Box Plot

Edit this page
// Single View Specification
{
  "data": ... ,
  "mark": "boxplot",
  "encoding": ... ,
  ...
}

A box plot summarizes a distribution of quantitative values using a set of summary statistics. The median tick in the box represents the median. The lower and upper parts of the box represent the first and third quartile respectively. Depending on the type of box plot, the ends of the whiskers can represent multiple things.

To create a box plot, set mark to "boxplot".

Documentation Overview

Box Plot Mark Properties

A boxplot’s mark definition contain the following properties:

Property Type Description
type String

Required. The mark type. This could a primitive mark type (one of "bar", "circle", "square", "tick", "line", "area", "point", "geoshape", "rule", and "text") or a composite mark type ("boxplot", "errorband", "errorbar").

extent String | Number

The extent of the whiskers. Available options include:

  • "min-max": min and max are the lower and upper whiskers respectively.
  • A number representing multiple of the interquartile range (Q3-Q1). This number will be multiplied by the IQR. The product will be added to the third quartile to get the upper whisker and subtracted from the first quartile to get the lower whisker.

Default value: 1.5.

orient String

Orientation of the box plot. This is normally automatically determined based on types of fields on x and y channels. However, an explicit orient be specified when the orientation is ambiguous.

Default value: "vertical".

size Number

Size of the box and median tick of a box plot

color String

Default color. Note that fill and stroke have higher precedence than color and will override color.

Default value: "#4682b4"

Note: This property cannot be used in a style config.

opacity Number

The opacity (value between [0,1]) of the mark.
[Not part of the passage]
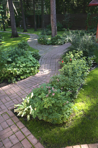 При создании генерального плана озеленения эти особенности были учтены. В основу дизайна сада был положен пейзажный стиль, что подчеркивается извилистыми дорожками, вымощенными из природного камня. Практически все взрослые растения были сохранены, в том числе и доставшиеся по наследству от соседа великолепные взрослые колоновидные туи.

Besides the properties listed above, "box", "median", "rule", "outliers", and "ticks" can be used to specify the underlying mark properties for different parts of the box plots as well.

Types of Box Plot

Vega-Lite supports two types of box plots, defined by the extent property in the mark definition object.

1) Tukey Box Plot is the default box plot in Vega-Lite. For a tukey box plot, the whisker spans from Q1 - k * IQR to Q3 + k * IQR where Q1 and Q3 are the first and third quartiles while IQR is the interquartile range (Q3-Q1). In this type of box plot, you can specify the constant k by setting the extent. If there are outlier points beyond the whisker, they will be displayed using point marks.

By default, the extent is 1.5.

Explicitly setting extent to 1.5 produces the following identical plot.

2) min-max Box Plot is a box plot where the lower and upper whiskers are defined as the min and max respectively. No points will be considered as outliers for this type of box plots.

Dimension & Orientation

Vega-Lite supports both 1D and 2D box plots:

1D box plot shows the distribution of a continuous field.

A boxplot’s orientation is automatically determined by the continuous field axis. For example, you can create a vertical 1D box plot by encoding a continuous field on the y axis.

2D box plot shows the distribution of a continuous field, broken down by categories.

For 2D box plots with one continuous field and one discrete field, the box plot will be horizontal if the continuous field is on the x axis.

Alternatively, if the continuous field is on the y axis, the box plot will be vertical.

The Parts of Box Plots

Under the hood, the "boxplot" mark is a composite mark that expands into a layered plot. For example, a basic 1D boxplot shown above is expanded to:

To customize different parts of the box, we can customize different parts of the box plot mark definition or config.

For example, we can customize the box plot’s "median" tick by setting "color" to "red" and set "ticks" to true to make the box plot includes end ticks:

Color, Size, and Opacity Encoding Channels

You can customize the color, size, and opacity of the box in the boxplot by using the color, size, and opacity encoding channels. The size is applied to only the box and median tick. The color is applied to only the box, the median tick, and the outlier points. Meanwhile, the opacity is applied to the whole boxplot.

An example of a boxplot where the size encoding channel is specified.

Mark Config

{
  "boxplot": {
    "size": ...,
    "extent": ...,
    "box": ...,
    "median": ...,
    "whisker": ...,
    "outliers": ...
  }
}

The boxplot config object sets the default properties for boxplot marks.

The boxplot config can contain all boxplot mark properties but currently not supporting color, opacity, and orient. Please see issue #3934.